Although the present invention has been described in detail with reference to a preferred embodiment thereof, the present invention is not limited to this specific embodiment (although many changes and modifications can be made without departing from the spirit of the invention).

For example, in the present invention, superheater spray was used to obtain the large amount of evaporation necessary to increase the rate of load increase from the initial load of a plant consisting of a boiler and a steam turbine with a turbine bypass and a drum. Even in general boiler/turbine plants, it is an effective method to use superheater spray after the turbine steam enters the turbine until it enters the turbine, in order to easily match the temperatures of the steam and turbine metal during parallel entry. The invented method can be easily applied for this purpose.

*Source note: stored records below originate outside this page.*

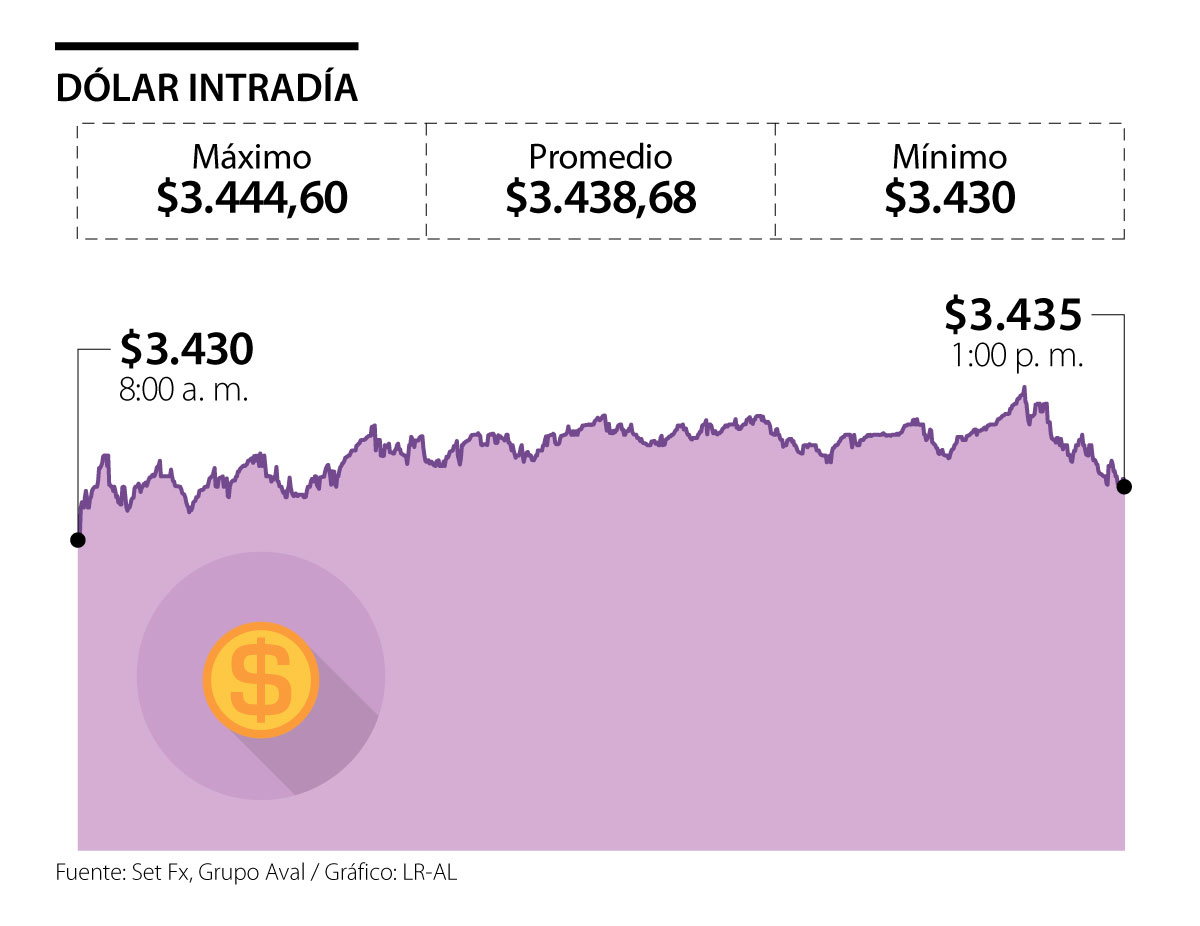 La divisa cotizó en promedio a $3.438,68 en la sesión, lo que representó una leve alza de $0,9 frente a la Tasa Representativa del Mercado, y una diferencia de apenas $0,04 con respecto a su precio promedio de inicio de mes ($3.438,64).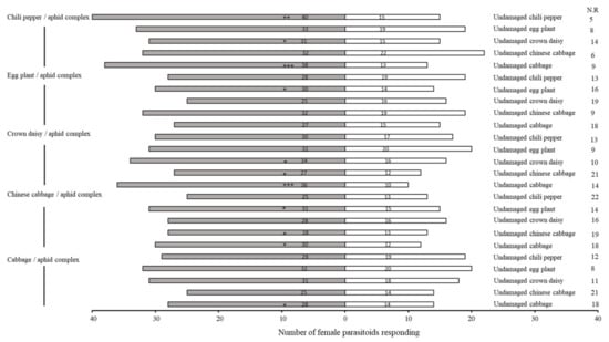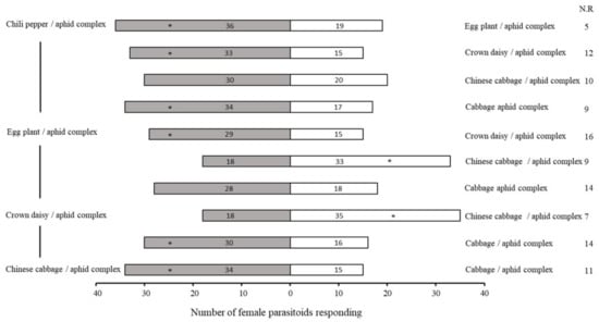 Figure 4. Olfactory responses of female Aphelinus varipes to the odors of aphid/plant complexes compared with aphid/plant complexes with other hosts. N.R indicates the non-responders’ female parasitoids. * p < 0.05, χ2 test. An asterisk denotes a significant difference between odors tested.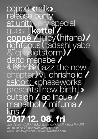 Atom™、kettel、Nikakoiら豪華アーティストが参加したcoppéの最新作『milk』のリリース・パーティーが、12/2(土曜)京都UrBANGUILD、12/8(金曜)代官山UNIT/SALOONで開催!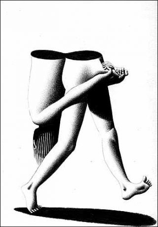 Dans un autre registre plus formel des objets anthropomorphiques font penser à Jean Arp et aux formes «dodues» de la période dite classique de Picasso, alors que certains dessins comme celui de cet homme dont la tête est engloutie par un livre relèvent d’un humour subtil qui appelle une parenté avec les rébus de René Magritte.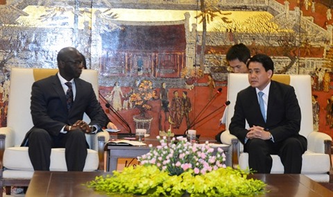 | Le directeur de la BM au Vietnam, Ousmane Dione, et le président du Comité populaire de Hanoï, Nguyên Duc Chung, lors de la rencontre du 12 mars. |
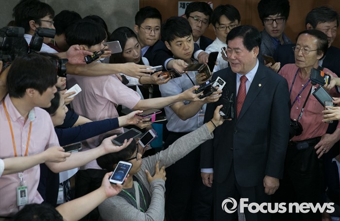 (서울=포커스뉴스) 최경환 새누리당 의원이 6일 오전 서울 여의도 국회 정론관에서 8·9 전당대회 불출마 기자회견을 마친 뒤 취재진 질문에 답하고 있다.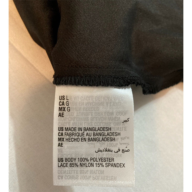 - Top: hits at hip; lace trim; V-neck; pullover styling; adjustable spaghetti straps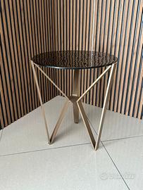 Tavolino da salotto con struttura in metallo verniciato e piano in vetro ondulato bronzo. Disponibile in diverse finiture.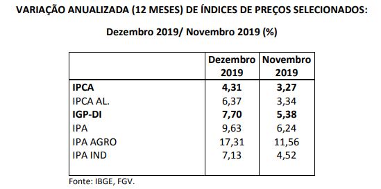 De acordo com o Instituto Brasileiro de Geografia e Estatística (IBGE), o Índice Nacional de Preços ao Consumidor Amplo (IPCA) apresentou forte elevação no mês de dezembro, refletindo o aumento dos preços dos alimentos, principalmente em decorrência da elevação dos preços da carne, dos transportes, devido à pressão exercida pelos reajustes da gasolina, do etanol e das passagens aéreas e das despesas pessoais, afetadas pelo maior custo da loteria. Esses resultados provocaram aceleração na inflação anual (12 meses), que terminou 2019 em 4,31% (ver tabela), pouco acima da meta perseguida pelo Banco Central (4,25%).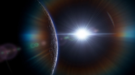 In a vast universe, a glowing celestial body illuminates an unseen landscape, creating a mesmerizing spectacle that inspires awe and wonder.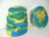 Exclusieve handgemaakte cadeau/opbergdoosjes van Mulberry papier ovale dozen, groen Geel blad druif decor.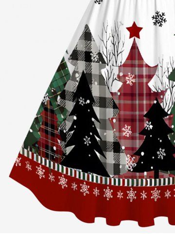 Robes > Robe vintage grande taille à carreaux, motif sapin de Noël et flocons de neige, style années 50

[Brief explanation of drawings]

FIG. 1 is a diagram showing an example of a control device for implementing the method of the present invention, and FIG. 2 is a graph showing various examples of states at the time of startup of a point turbine plant. 10... Final superheater, 11... Turbine, 12... Reheater, 13... Temperature detector, 14... Setting device, 15... Adder, 16... Changeover switch, 17... Proportional-integral control vessel. 'IJZ diagram [e] Salmon tea bowl Ginryu

Claims (1)

[Claims] In a boiler 0 turbine plant, turbine ventilation M,
II. A method for starting a boiler/turbine plant that includes adjusting the final superheater outlet steam temperature or the final superheater outlet steam temperature at the time of heating by a superheater spray device to the current value for up to two people.